---- DATA SECTION

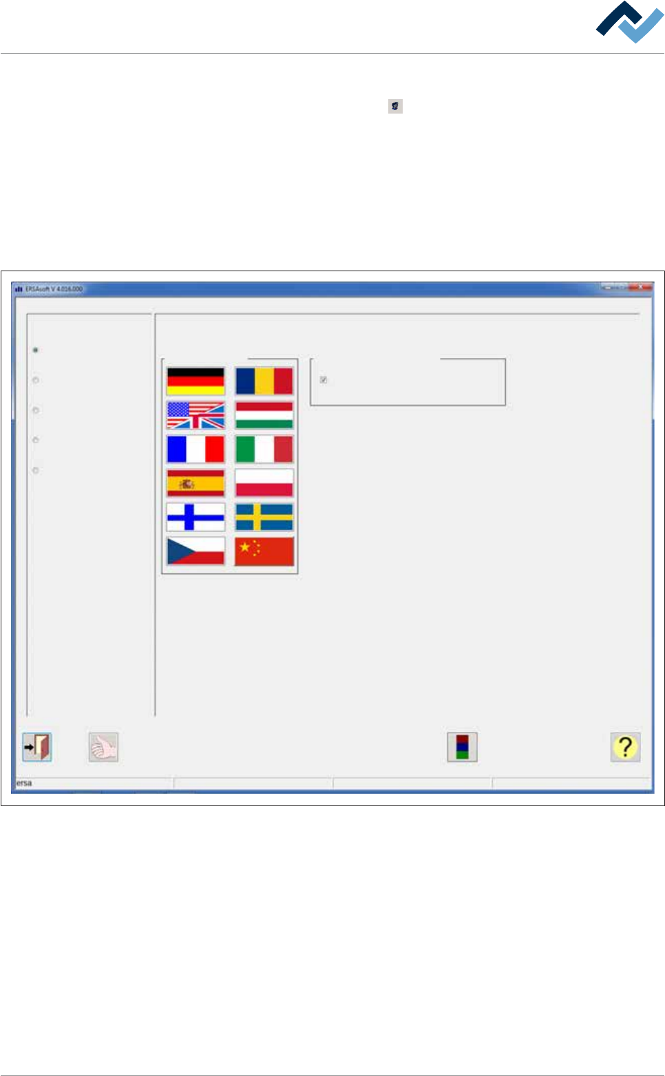 6|功能描述 6.5 [一般设置] 编辑页面 点击开始页面中顶部工具栏中的 按钮打开此页面,此页面还包含有以下几个 对话页面... – [配置] – [用户管理] – [文件路径] – [邮件设定] – [日志] 通过启动各自对应的单选按钮,可以打开这些对话页面。 配置 用户管理 文件路径 邮件设定 日志 语言 显示Ersasoft 全屏 常规设置 维护模式 如此范例所示,[常规设置] 页面中,已启动了[配置] 的按钮 Ersa G…
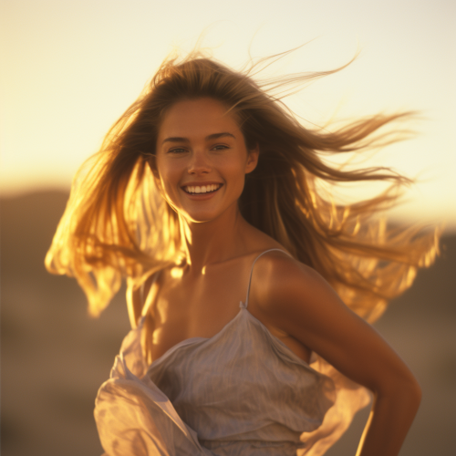 denise richards at age 20, full body photo, wildly dancing and spinning in a blur, barefoot in a light dress, hair flying, golden hour, over desert dunes. Her head is thrown back, smiling widely, not looking at the camera.
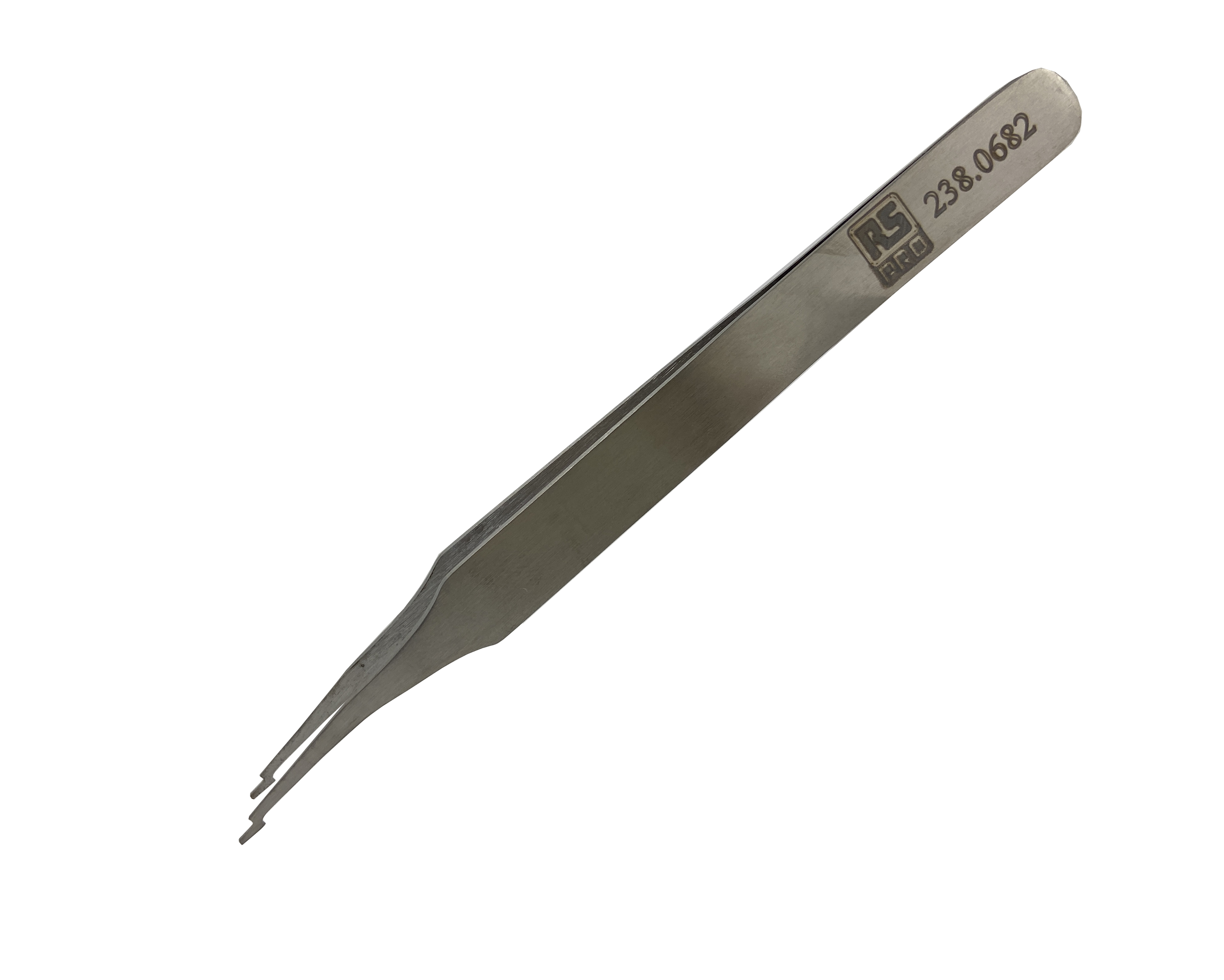 This is 120 mm Low Carbon Austenitic Steel Angle Tweezer manufactured by RS PRO. The manufacturer part number is 238-0682. The product is made from highly stable and reliable low carbon austenitic steel.

--------

From the first line to the last, write out the data exactly, dropping any pictures.

** ANSWER TO THIS TASK **
 6|功能描述 6.5 [一般设置] 编辑页面 点击开始页面中顶部工具栏中的 按钮打开此页面,此页面还包含有以下几个 对话页面... – [配置] – [用户管理] – [文件路径] – [邮件设定] – [日志] 通过启动各自对应的单选按钮,可以打开这些对话页面。 配置 用户管理 文件路径 邮件设定 日志 语言 显示Ersasoft 全屏 常规设置 维护模式 如此范例所示,[常规设置] 页面中,已启动了[配置] 的按钮 Ersa G…
 denise richards at age 20, full body photo, wildly dancing and spinning in a blur, barefoot in a light dress, hair flying, golden hour, over desert dunes. Her head is thrown back, smiling widely, not looking at the camera.
 This is 120 mm Low Carbon Austenitic Steel Angle Tweezer manufactured by RS PRO. The manufacturer part number is 238-0682. The product is made from highly stable and reliable low carbon austenitic steel.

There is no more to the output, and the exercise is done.